Thinking and Feeling

Feelers and thinkers communicate differently.  Thinkers care less about what people think of them, so they often are less attractive than feelers.  This is not due to not caring, but also due to a lack of awareness – a thinker’s focus is on efficiency.  Thinkers are more likely to be insensitive.  There is less warmth in a thinker’s presence.  What thinkers have is that they value objectivity more than a feeler, and they aren’t easily moved by emotion, which means more stability.  Feelings take a lot longer to sort through than thought, so thinkers are more efficient, like sensors.  Also, feelings are subjective, so they are not as settled as thought; so they are easy to go back to and over.  Therefore, feelers are more inward-oriented, like introverts and intuitives.

Perceivers and Judgers

Perceivers are open-ended like intuitives, which means they are less efficient and less likely to stick to things, whether relationships or deadlines.  Judgers generally get a lot more done because they enjoy things to be concluded, like sensors, and have higher standards to be happy for their environment.  Because judgers have a problem function without organization or lack of conclusion/categories, this gives them incentive to get things done – to go towards milestones.  Judgers get pleasure from getting things done.  Because of this, however, judgers often generalize and are more confident even if they’re less accurate – judgers will review a lot less information than a perceiver would, because efficiency and conclusion is more important to them.  In the same way that a sensor would not see as much information as an intuitive, a judger will not review as much as a perceiver, all things be equal, because productivity matters more.  However, perceivers are considerably less happy statistically because they are less likely to get to things they’d like to and they usually have to give up some autonomy for their open-ended orientation, as sensors and judgers usually are in charge of societies because both value efficiency.
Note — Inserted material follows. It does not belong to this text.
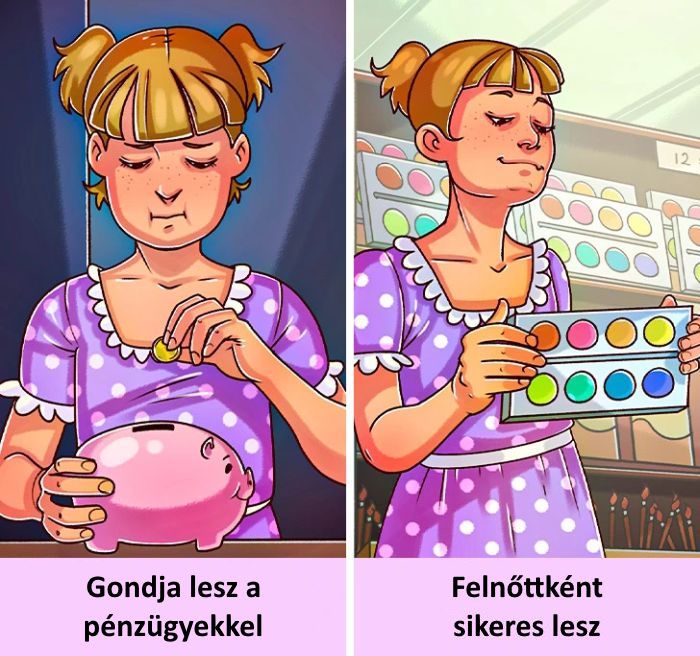 - Janka anyukája gyakran csak legyintett, mikor Janka valami új holmit kért. Azt mondta, nincs rá szükségük vagy már van nekik ilyen. Az évek során Janka leszokott arról, hogy bármit is kérjen. Mikor saját keresete lett, elkezdte szórni a pénzét mindenféle szükségtelen holmira, hogy kompenzálja az érzést, hogy sosem kapta meg, amire vágyott. Most azt tanulja, hogyan egyensúlyozzon a szükségletek és a vágyai között.

What is the point of the MBTI?

To understand what we are likely to do, so that (1) we are aware of our biases, (2) so that we can be aware of our weaknesses, (3) so that we can develop our strengths, and (4) so that we can communicate better by seeing other people’s point of view.

Here is the most accurate free test for the MBTI.  However, be sure to verify the results by understanding the four categories and yourself.

Emotion

It has been said that vulnerability is strength; however, this sentiment is largely given by those who do well with emotion, so we see the conflict.   Being vulnerable is difficult, and no person knows this as much as those that aren’t emotional.  But everyone, emotional or not, biologically understands the reality surrounding emotion: In the animal kingdom, it signals weakness and invites destruction.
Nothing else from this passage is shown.